If-Then-Else Conditionals in Regular Expressions and using capturing group

I have some difficulties in understanding if-then-else conditionals in regular expressions.
After reading If-Then-Else Conditionals in Regular Expressions I decided to write a simple test. I use C++, Boost 1.38 Regex and MS VC 8.0.
I have written this program:
#include <iostream>
#include <string>
#include <boost/regex.hpp>
int main()
{
std::string str_to_modify = "123";
//std::string str_to_modify = "ttt";
boost::regex regex_to_search ("(\\d\\d\\d)");
std::string regex_format ("(?($1)$1|000)");
std::string modified_str =
boost::regex_replace(
str_to_modify,
regex_to_search,
regex_format,
boost::match_default | boost::format_all | format_no_copy );
std::cout << modified_str << std::endl;
return 0;
}
I expected to get "123" if str_to_modify has "123" and to get "000" if I str_to_modify has "ttt". However I get ?123123|000 in the first case and nothing in second one.
Coluld you tell me, please, what is wrong with my test?
The second example that still doesn't work :
#include <iostream>
#include <string>
#include <boost/regex.hpp>
int main()
{
//std::string str_to_modify = "123";
std::string str_to_modify = "ttt";
boost::regex regex_to_search ("(\\d\\d\\d)");
std::string regex_format ("(?1foo:bar");
std::string modified_str =
boost::regex_replace(str_to_modify, regex_to_search, regex_format,
boost::match_default | boost::format_all | boost::format_no_copy );
std::cout << modified_str << std::endl;
return 0;
}
I think the format string should be (?1$1:000) as described in the Boost.Regex docs.
Edit: I don't think regex_replace can do what you want.
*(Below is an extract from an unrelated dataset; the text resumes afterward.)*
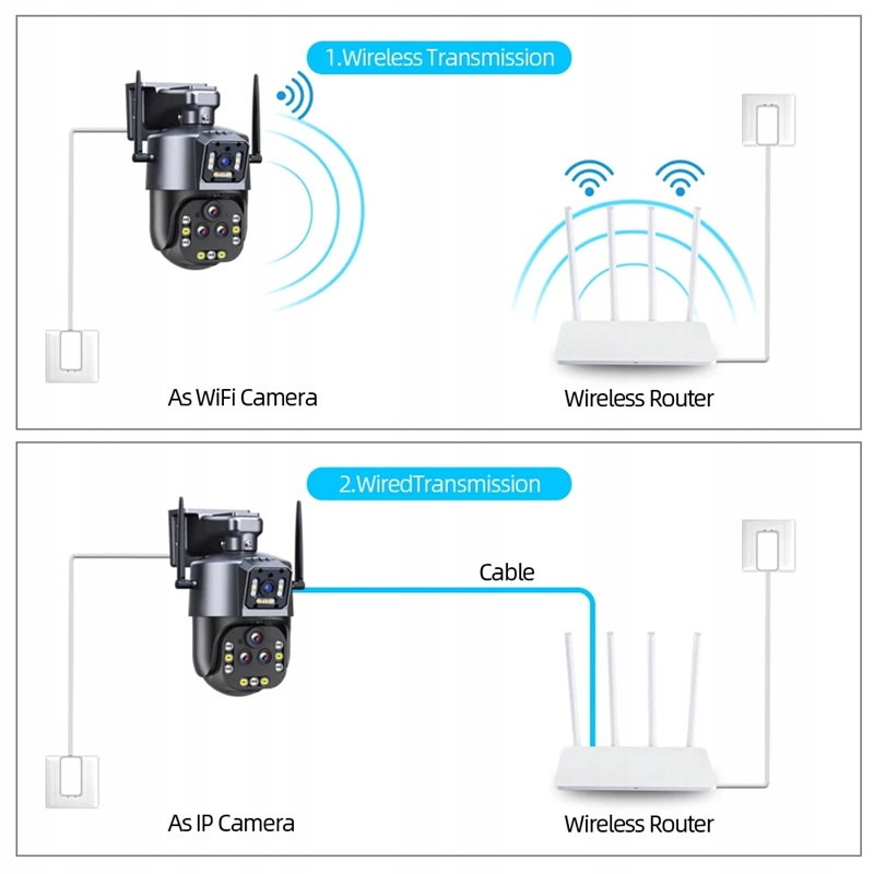 Камера оснащена камерой с высокой скоростью 5DBI антенны, поддерживающей подключения кабеля Wi -Fi 2,4 ГГц и RJ -45, обеспечивая стабильный сигнал, чтобы вы могли контролировать свой дом в любом месте.

Why don't you try the following instead? regex_match will tell you whether the match succeeded (or you can use match[i].matched to check whether the i-th tagged sub-expression matched). You can format the match using the match.format member function.
#include <iostream>
#include <string>
#include <boost/regex.hpp>
int main()
{
boost::regex regex_to_search ("(\\d\\d\\d)");
std::string str_to_modify;
while (std::getline(std::cin, str_to_modify))
{
boost::smatch match;
if (boost::regex_match(str_to_modify, match, regex_to_search))
std::cout << match.format("foo:$1") << std::endl;
else
std::cout << "error" << std::endl;
}
}